SOURCE DATA section start

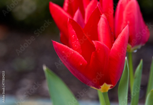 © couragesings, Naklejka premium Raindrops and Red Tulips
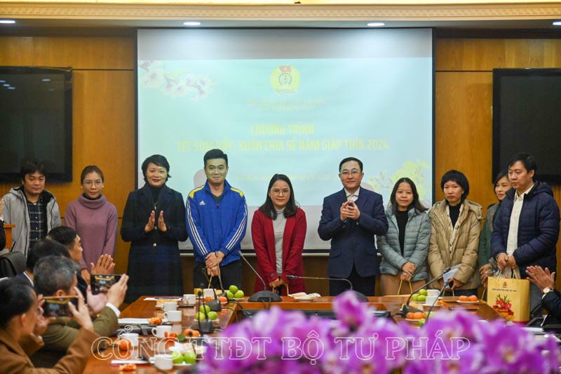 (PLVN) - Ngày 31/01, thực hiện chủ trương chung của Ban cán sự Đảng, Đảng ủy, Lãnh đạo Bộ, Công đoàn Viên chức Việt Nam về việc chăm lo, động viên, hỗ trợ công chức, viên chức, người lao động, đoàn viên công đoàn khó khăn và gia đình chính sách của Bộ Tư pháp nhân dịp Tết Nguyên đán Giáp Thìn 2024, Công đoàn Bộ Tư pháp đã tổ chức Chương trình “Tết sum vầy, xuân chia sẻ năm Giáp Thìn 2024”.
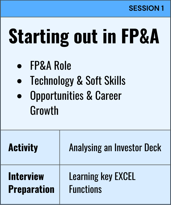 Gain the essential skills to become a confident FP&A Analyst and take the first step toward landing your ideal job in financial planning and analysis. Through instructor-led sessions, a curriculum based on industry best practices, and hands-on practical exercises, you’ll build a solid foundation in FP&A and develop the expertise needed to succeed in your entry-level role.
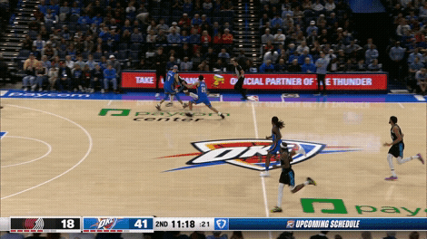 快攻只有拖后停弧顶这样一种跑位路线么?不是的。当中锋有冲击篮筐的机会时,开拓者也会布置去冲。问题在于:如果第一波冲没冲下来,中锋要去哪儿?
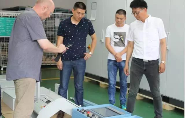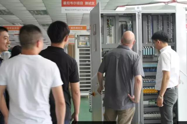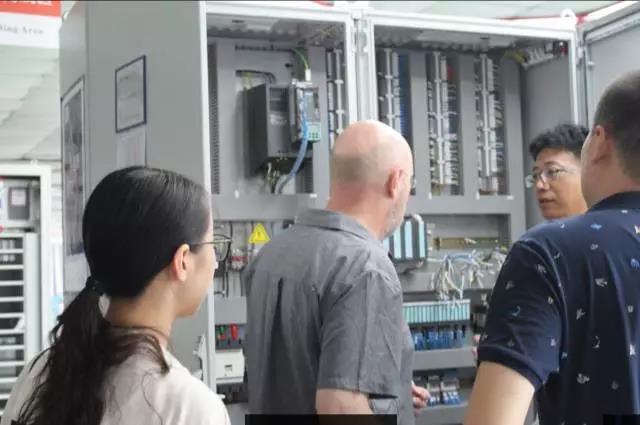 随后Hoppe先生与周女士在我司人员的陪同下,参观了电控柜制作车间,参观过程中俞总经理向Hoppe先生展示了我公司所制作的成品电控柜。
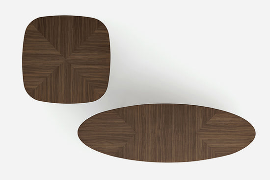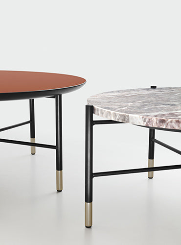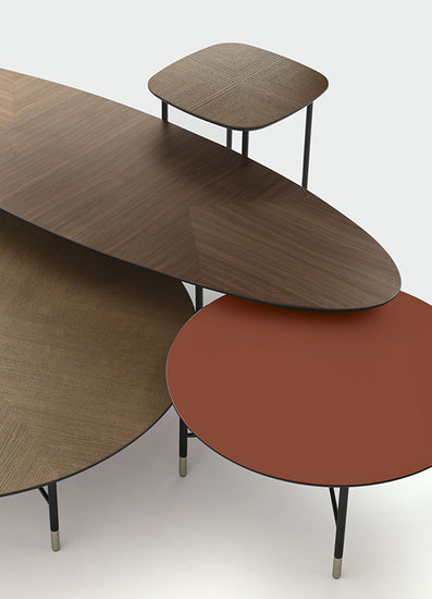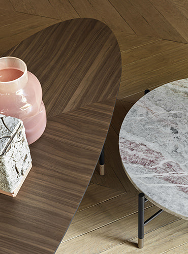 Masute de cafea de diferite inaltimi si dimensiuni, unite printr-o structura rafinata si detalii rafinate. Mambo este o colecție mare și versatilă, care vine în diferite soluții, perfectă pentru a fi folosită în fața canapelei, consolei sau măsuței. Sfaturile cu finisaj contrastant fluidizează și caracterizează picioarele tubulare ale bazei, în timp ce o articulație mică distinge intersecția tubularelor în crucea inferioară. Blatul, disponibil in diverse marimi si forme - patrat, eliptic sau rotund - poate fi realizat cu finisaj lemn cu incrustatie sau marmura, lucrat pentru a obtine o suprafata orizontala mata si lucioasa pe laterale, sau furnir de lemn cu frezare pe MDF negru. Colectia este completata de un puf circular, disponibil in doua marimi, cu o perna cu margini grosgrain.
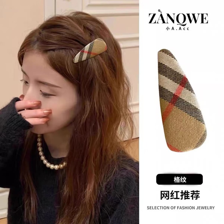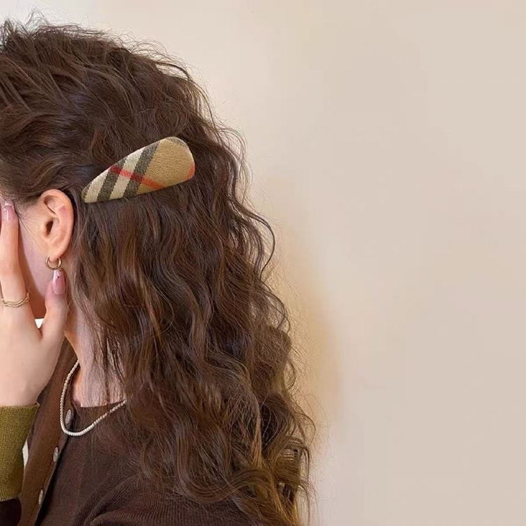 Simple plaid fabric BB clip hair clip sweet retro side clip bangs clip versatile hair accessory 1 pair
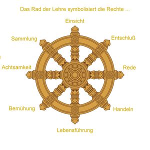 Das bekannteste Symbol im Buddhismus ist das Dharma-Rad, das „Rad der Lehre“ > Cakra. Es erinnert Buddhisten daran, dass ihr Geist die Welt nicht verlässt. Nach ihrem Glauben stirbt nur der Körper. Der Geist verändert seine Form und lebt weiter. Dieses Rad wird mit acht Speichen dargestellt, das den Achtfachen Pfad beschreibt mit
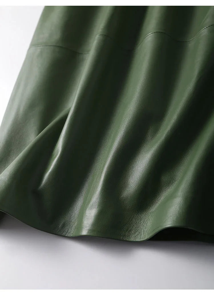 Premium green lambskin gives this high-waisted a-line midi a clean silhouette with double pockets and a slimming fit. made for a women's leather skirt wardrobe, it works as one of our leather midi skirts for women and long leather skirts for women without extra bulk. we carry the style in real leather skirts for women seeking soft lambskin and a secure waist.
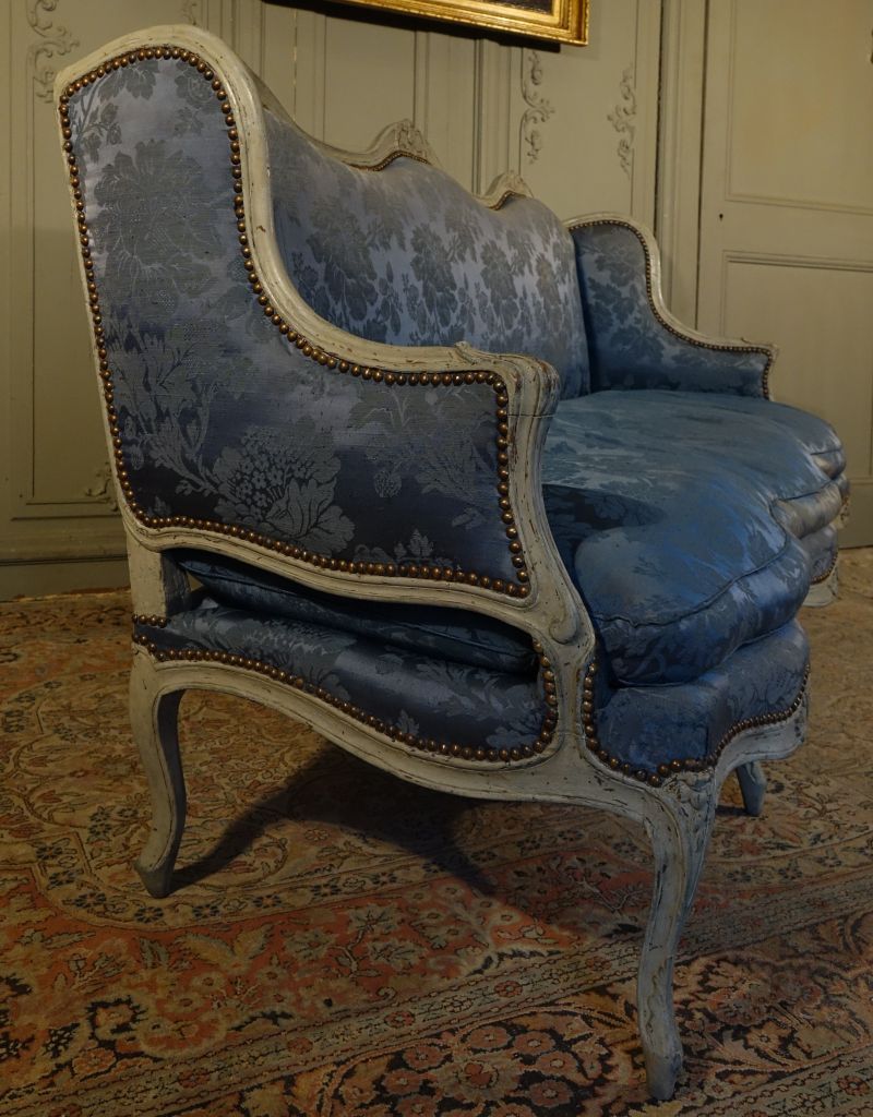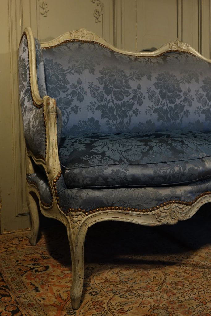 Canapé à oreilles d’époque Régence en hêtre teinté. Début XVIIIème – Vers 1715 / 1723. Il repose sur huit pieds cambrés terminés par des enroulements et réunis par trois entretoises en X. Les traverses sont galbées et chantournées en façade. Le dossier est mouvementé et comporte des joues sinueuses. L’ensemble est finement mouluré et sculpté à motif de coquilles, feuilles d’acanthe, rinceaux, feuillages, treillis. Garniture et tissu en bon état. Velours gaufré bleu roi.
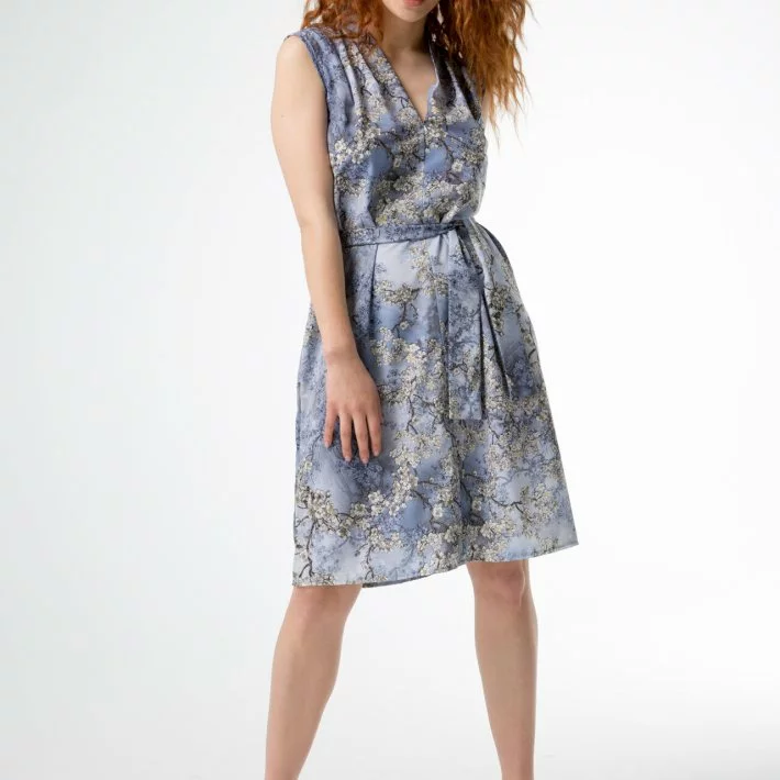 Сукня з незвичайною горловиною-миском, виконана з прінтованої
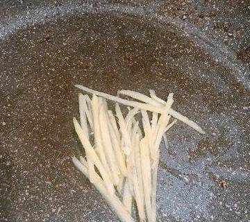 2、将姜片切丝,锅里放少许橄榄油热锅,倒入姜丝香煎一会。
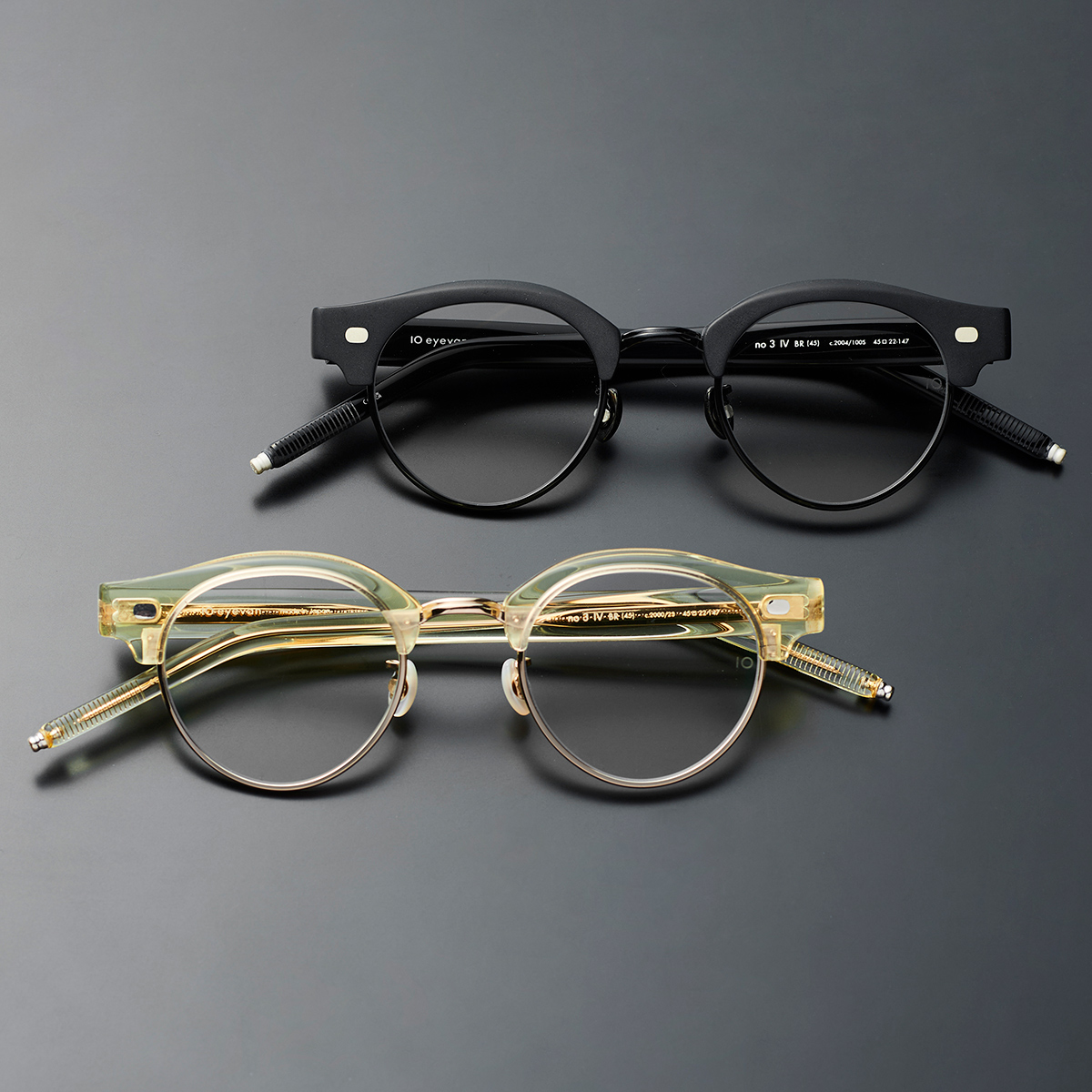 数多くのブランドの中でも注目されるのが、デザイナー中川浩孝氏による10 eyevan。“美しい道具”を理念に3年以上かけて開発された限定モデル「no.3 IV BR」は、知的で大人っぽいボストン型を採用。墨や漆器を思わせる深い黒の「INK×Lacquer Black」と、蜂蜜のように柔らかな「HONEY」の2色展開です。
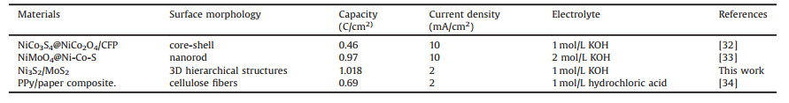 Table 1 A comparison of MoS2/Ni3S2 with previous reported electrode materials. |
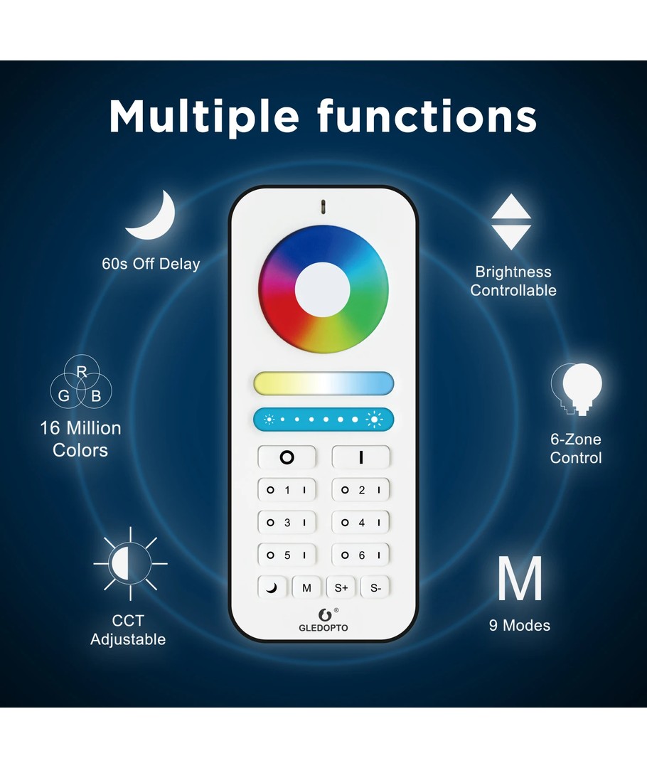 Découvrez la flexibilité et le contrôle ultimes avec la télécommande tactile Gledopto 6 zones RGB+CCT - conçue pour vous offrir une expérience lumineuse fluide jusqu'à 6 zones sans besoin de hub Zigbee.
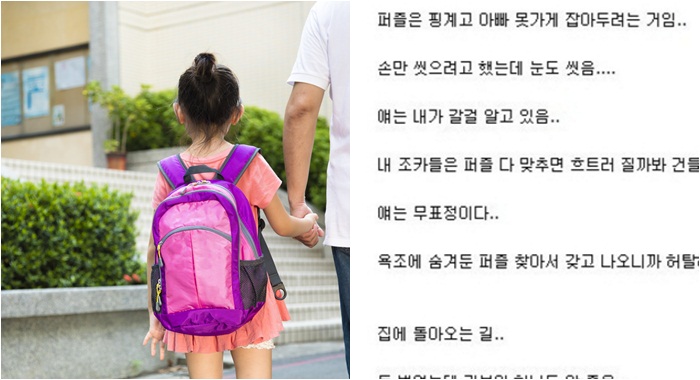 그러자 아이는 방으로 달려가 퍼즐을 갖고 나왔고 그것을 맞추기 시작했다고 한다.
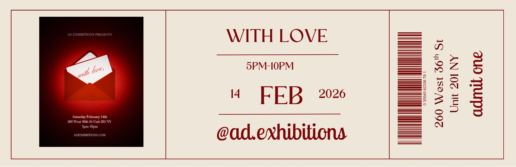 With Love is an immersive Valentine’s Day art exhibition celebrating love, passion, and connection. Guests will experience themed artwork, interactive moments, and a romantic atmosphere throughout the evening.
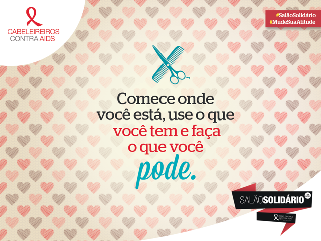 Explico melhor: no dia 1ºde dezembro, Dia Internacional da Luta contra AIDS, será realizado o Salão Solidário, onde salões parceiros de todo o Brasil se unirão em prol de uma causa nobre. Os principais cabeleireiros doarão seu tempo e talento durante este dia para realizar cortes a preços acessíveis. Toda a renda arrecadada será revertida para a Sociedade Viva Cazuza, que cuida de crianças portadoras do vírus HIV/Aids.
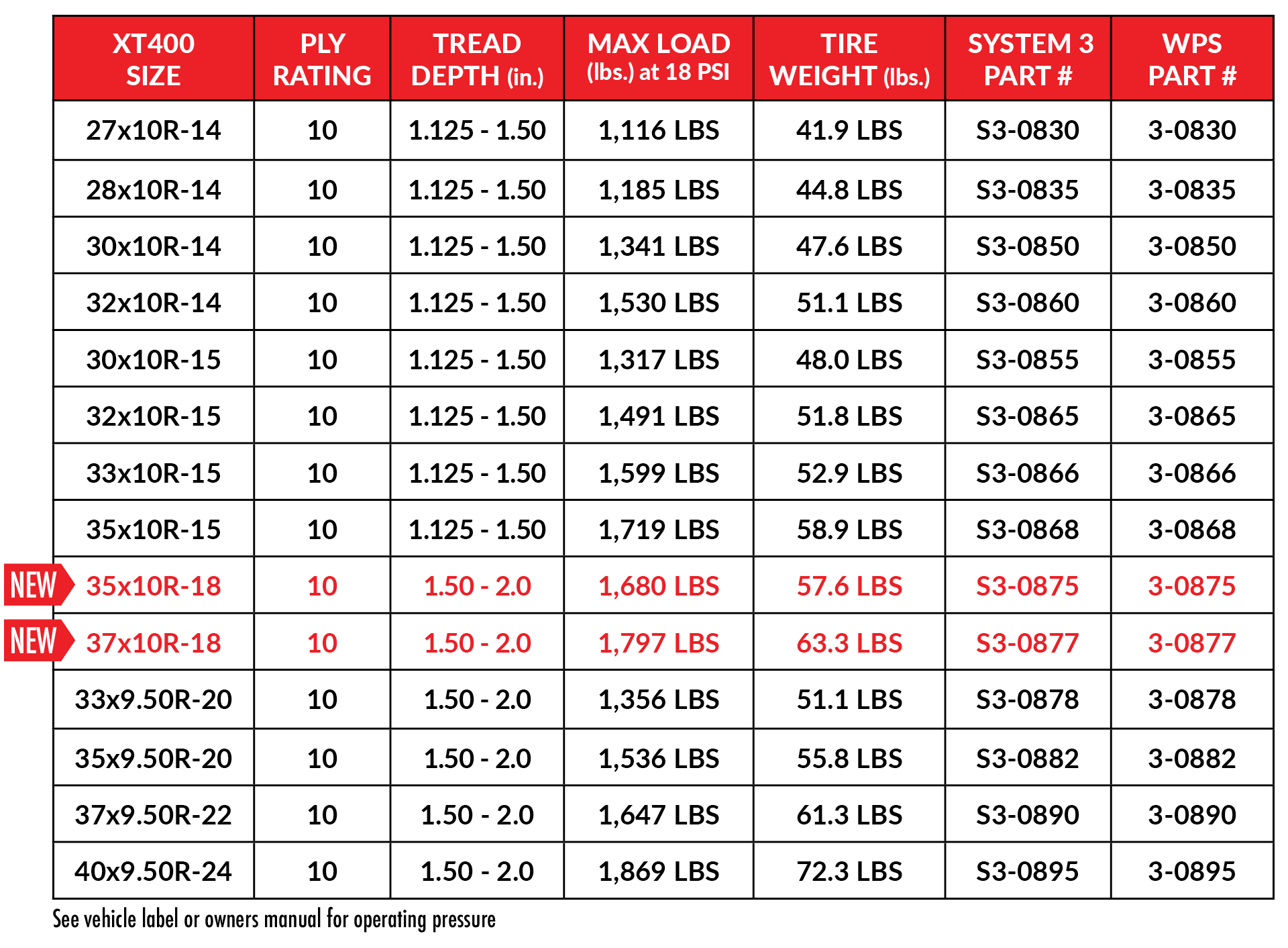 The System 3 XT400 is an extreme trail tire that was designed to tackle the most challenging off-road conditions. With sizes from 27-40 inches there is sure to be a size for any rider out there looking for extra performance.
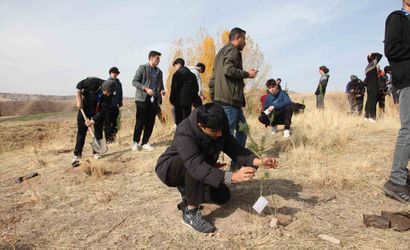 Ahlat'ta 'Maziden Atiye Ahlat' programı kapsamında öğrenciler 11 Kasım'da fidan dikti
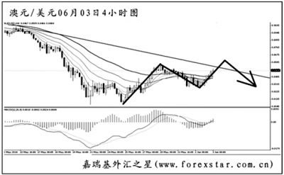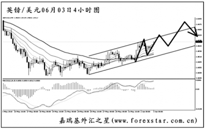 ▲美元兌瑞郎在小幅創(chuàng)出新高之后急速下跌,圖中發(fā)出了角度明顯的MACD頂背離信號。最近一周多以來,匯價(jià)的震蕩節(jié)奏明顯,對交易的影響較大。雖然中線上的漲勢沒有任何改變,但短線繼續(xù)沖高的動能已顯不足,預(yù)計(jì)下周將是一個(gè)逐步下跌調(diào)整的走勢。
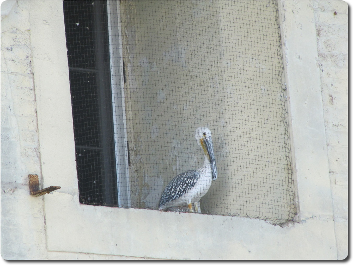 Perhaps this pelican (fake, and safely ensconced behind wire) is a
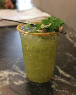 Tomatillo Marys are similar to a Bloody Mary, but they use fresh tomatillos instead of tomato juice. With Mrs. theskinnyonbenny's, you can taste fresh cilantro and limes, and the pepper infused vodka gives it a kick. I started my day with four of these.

SOURCE DATA section end

=== YOUR OBJECTIVE ===
Only exact duplicates of the lines from the one containing "The System 3" through the final line of the entries, both included, are needed, with pictures left out.

=== RESPONSE TO THIS EXERCISE ===
 The System 3 XT400 is an extreme trail tire that was designed to tackle the most challenging off-road conditions. With sizes from 27-40 inches there is sure to be a size for any rider out there looking for extra performance.
 Ahlat'ta 'Maziden Atiye Ahlat' programı kapsamında öğrenciler 11 Kasım'da fidan dikti
 ▲美元兌瑞郎在小幅創(chuàng)出新高之后急速下跌,圖中發(fā)出了角度明顯的MACD頂背離信號。最近一周多以來,匯價(jià)的震蕩節(jié)奏明顯,對交易的影響較大。雖然中線上的漲勢沒有任何改變,但短線繼續(xù)沖高的動能已顯不足,預(yù)計(jì)下周將是一個(gè)逐步下跌調(diào)整的走勢。
 Perhaps this pelican (fake, and safely ensconced behind wire) is a
 Tomatillo Marys are similar to a Bloody Mary, but they use fresh tomatillos instead of tomato juice. With Mrs. theskinnyonbenny's, you can taste fresh cilantro and limes, and the pepper infused vodka gives it a kick. I started my day with four of these.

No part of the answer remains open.